Why should it be like this? Why are we born, only to suffer and die? All things are the gods’ doing, and this is no exception. When Prometheus ensured the survival and continuation of the human race by stealing fire from heaven, he knew the consequences. He was a Titan, one of the old gods. He knew that his human wards would be punished and tormented no less savagely than he, but he still saw this as the preferable course. He knew the obstacles and difficulties that the gods would place in the way of human life—but he also knew that it was only in the fire of transcending these obstacles that we humans could purge the dross from our souls and, perhaps, emerge as heroes ourselves. Our founding father Prometheus enjoins us not to become bogged down in the soul-sucking mire of moaning and complaint, but to seek always to enlarge our lives.

Zeus, for his part, did his best to bury and embroil us in so many woes that we would forget our potential as human beings and live our lives at the level of dumb beasts, looking only to the gods, not to ourselves, for salvation. And he found an exceptionally economical way to go about this. He didn’t want to spend his time constantly inventing new woes for humans—disease one week, famine the next, and so on. He found just a single instrument that would do it all at once, and he made it so that, far from trying to avoid their bane, men would actively seek to embrace it. And when he had dreamt up his device, he laughed out loud, and the roots of Olympus shook at his mirth.

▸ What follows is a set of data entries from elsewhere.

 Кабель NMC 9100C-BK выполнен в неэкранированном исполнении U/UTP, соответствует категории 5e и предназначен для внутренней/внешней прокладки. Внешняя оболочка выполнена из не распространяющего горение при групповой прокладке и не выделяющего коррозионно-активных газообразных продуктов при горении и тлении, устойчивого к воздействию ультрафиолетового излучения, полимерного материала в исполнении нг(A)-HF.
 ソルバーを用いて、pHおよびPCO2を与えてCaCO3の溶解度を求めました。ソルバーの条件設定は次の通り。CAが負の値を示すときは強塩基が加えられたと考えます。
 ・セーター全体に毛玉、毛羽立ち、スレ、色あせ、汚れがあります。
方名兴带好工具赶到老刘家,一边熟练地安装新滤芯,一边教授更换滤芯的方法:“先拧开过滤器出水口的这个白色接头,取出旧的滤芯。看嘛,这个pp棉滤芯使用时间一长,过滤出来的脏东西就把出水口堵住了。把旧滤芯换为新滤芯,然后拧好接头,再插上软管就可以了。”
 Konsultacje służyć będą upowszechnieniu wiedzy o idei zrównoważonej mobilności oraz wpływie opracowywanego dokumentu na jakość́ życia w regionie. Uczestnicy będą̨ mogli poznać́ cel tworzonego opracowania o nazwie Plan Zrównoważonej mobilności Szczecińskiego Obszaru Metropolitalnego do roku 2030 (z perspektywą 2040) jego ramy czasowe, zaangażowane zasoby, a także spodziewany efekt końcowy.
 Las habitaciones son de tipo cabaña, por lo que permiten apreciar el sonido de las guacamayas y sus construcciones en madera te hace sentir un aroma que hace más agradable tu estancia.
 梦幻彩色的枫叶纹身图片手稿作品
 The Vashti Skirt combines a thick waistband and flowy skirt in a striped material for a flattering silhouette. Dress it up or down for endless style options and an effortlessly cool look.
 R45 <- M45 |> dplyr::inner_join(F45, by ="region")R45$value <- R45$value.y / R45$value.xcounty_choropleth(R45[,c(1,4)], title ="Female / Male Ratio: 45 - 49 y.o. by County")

He ordered great Hephaestus to fashion dumb clay and imbue it with all the faculties that Prometheus’ men already had, with one difference. This new human was to be female, not male, patterned on the irresistible beauty of the Olympian goddesses. Athena taught her the womanly skills and Aphrodite shrouded her with grace and allure, but, on Zeus’ orders, cunning Hermes gave her the mind of a lying bitch and the temperament of a thief.

When all the gods had finished their work, the beautiful product stood there motionless, a lifeless mannequin, until our common father Zeus breathed life into her. And he named the beautiful bane Pandora, “Allgift,” for all the gods had made her and all mischief in the lives of men was her gift.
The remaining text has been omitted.